Hungarian photographer Imre Benkő interprets life through photography. His unique approach, deeply humanist and free of stereotypes, attempts to represent the genuine and profound impressions of an era. His reports have influenced, and continue to influence, generations of photographers from the region.
Born in 1943, Benkő started taking pictures at the age of 20, quickly joining the Hungarian press agency MTI. Here Benkő started to develop his own style, beginning in 1968, reminiscent of the approaches of Henri Cartier-Bresson and Josef Koudelka. In 1975 and 1978, he was awarded the World Press Photo. In 1992, his report on the decline and closure of the Ózd metalworks received the W. Eugene Smith Memorial Fund Prize. In 1981 he won the Béla Balázs national prize, and in 1991 the Pulitzer Prize.
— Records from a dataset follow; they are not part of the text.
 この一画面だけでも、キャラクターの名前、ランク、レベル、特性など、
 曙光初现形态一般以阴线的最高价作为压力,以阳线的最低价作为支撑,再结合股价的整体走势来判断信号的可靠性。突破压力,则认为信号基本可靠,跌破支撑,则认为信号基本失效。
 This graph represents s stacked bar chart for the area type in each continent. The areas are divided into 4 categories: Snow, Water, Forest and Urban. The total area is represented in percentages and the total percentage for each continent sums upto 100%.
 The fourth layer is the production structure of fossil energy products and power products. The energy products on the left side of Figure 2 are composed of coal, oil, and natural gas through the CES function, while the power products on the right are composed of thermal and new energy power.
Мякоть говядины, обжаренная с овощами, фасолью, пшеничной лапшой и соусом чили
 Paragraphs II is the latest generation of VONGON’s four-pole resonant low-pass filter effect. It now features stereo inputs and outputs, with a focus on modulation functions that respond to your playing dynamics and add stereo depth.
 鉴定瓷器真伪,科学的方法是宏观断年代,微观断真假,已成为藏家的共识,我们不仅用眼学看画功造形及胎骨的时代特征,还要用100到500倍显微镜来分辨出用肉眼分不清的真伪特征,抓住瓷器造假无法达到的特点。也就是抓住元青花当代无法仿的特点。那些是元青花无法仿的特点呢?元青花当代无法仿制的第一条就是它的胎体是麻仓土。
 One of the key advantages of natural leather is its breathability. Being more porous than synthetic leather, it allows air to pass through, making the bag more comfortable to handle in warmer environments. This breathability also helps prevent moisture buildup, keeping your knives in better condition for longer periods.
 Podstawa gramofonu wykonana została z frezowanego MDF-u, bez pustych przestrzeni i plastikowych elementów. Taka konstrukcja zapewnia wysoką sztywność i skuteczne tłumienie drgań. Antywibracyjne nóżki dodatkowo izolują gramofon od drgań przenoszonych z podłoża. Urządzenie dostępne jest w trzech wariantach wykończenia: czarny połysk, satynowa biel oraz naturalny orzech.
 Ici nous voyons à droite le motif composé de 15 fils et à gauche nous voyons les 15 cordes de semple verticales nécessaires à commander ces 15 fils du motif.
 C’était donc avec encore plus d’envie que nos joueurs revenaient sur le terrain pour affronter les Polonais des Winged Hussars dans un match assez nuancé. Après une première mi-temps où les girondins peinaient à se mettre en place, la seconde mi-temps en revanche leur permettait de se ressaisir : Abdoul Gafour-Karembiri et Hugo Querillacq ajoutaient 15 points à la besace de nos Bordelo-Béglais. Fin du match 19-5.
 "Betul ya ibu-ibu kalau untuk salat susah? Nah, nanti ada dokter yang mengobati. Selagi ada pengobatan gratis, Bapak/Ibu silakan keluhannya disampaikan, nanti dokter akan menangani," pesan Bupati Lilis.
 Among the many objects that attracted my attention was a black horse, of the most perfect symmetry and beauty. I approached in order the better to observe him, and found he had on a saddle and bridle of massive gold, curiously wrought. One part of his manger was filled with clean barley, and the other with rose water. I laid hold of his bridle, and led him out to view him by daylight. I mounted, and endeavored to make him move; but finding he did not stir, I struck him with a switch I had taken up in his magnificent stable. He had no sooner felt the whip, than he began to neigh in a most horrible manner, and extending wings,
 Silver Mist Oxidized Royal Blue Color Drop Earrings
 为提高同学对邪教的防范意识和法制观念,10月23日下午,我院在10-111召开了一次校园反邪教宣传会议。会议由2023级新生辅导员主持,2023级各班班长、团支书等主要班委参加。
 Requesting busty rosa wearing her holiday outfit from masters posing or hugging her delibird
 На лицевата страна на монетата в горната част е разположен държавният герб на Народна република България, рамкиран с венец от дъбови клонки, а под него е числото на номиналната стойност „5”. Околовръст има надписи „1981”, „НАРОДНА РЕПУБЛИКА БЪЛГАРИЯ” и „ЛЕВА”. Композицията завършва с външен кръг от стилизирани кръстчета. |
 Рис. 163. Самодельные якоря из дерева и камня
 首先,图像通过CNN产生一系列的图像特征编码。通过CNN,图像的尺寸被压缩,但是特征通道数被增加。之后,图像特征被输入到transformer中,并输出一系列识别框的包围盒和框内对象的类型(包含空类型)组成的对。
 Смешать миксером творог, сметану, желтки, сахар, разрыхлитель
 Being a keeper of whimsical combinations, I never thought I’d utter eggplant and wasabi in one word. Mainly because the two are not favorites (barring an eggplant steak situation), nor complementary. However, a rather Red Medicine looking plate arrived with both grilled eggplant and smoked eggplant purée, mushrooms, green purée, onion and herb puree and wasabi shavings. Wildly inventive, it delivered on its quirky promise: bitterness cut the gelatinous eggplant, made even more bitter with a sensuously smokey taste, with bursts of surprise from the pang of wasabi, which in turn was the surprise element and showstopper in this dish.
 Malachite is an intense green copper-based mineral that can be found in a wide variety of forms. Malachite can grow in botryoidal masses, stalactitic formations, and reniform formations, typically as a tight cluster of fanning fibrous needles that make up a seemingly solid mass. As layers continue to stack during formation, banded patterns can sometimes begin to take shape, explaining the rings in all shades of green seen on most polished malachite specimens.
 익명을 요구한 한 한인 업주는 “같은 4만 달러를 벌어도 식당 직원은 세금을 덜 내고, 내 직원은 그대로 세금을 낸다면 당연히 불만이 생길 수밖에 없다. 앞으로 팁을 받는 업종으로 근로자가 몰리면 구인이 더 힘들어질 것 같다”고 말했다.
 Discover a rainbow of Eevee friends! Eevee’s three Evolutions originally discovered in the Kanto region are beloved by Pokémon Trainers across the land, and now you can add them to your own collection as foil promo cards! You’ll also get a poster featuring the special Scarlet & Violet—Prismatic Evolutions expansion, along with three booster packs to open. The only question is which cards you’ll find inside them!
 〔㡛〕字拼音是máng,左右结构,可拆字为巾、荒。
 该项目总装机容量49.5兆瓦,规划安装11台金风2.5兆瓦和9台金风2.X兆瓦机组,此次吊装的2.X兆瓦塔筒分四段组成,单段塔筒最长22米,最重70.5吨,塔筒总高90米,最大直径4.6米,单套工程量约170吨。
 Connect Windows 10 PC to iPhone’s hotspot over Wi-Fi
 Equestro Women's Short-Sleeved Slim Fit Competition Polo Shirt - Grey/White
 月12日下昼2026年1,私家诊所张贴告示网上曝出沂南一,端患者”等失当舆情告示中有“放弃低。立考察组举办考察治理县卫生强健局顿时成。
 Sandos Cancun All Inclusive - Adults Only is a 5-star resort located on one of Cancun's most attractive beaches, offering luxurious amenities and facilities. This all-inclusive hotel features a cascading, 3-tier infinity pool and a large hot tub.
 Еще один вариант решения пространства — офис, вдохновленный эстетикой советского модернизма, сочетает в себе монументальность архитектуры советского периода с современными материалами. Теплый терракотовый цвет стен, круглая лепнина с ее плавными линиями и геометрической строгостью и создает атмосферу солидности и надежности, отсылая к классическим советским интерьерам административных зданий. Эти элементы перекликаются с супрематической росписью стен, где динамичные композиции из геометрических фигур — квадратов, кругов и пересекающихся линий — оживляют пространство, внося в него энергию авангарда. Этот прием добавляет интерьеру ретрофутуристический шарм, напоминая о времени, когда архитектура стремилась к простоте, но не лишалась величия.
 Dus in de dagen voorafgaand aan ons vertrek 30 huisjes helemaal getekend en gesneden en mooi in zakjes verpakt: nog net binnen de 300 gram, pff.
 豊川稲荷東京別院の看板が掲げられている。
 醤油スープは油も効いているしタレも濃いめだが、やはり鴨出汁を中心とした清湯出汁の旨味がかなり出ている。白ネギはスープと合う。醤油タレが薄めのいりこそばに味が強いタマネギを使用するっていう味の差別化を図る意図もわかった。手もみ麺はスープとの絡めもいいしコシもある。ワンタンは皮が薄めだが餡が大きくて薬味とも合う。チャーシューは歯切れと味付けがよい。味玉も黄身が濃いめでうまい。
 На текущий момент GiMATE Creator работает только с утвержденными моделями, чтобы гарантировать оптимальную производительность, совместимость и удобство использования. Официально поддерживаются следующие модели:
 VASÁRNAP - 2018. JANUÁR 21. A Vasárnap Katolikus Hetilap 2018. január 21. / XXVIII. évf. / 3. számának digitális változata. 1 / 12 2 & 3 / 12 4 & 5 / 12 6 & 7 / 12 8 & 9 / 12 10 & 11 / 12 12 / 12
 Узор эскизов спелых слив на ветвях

Among his latest photo books:
Steel Town. Ózd, 1987-1995, Foreword by Colin Jacobson, Published by Pelikán. Budapest, 1996.
Grey Lights. Budapest, 1970-1999, Foreword by Sándor Végh Alpár, Published by 9s Műhely. Budapest, 2000.
Faces. Sziget Festival Budapest, 1993-2002, Foreword by Tibor Legát, Published by Fotografus.hu Foundation. Budapest, 2003.
Blues. Budapest, 2000-2003, Foreword by Béla Albertini, Published by Városháza. Budapest, 2003.
Ways. Photographs: 1971-2002, Foreword by János Palotai, Published by Imre Benkő. Budapest, 2004.
Ikrek / Twins, 1982-2008, Foreword by Péter Baki, dr. Júlia Métneki, Published by Hungarian Museum of Photography, 2009.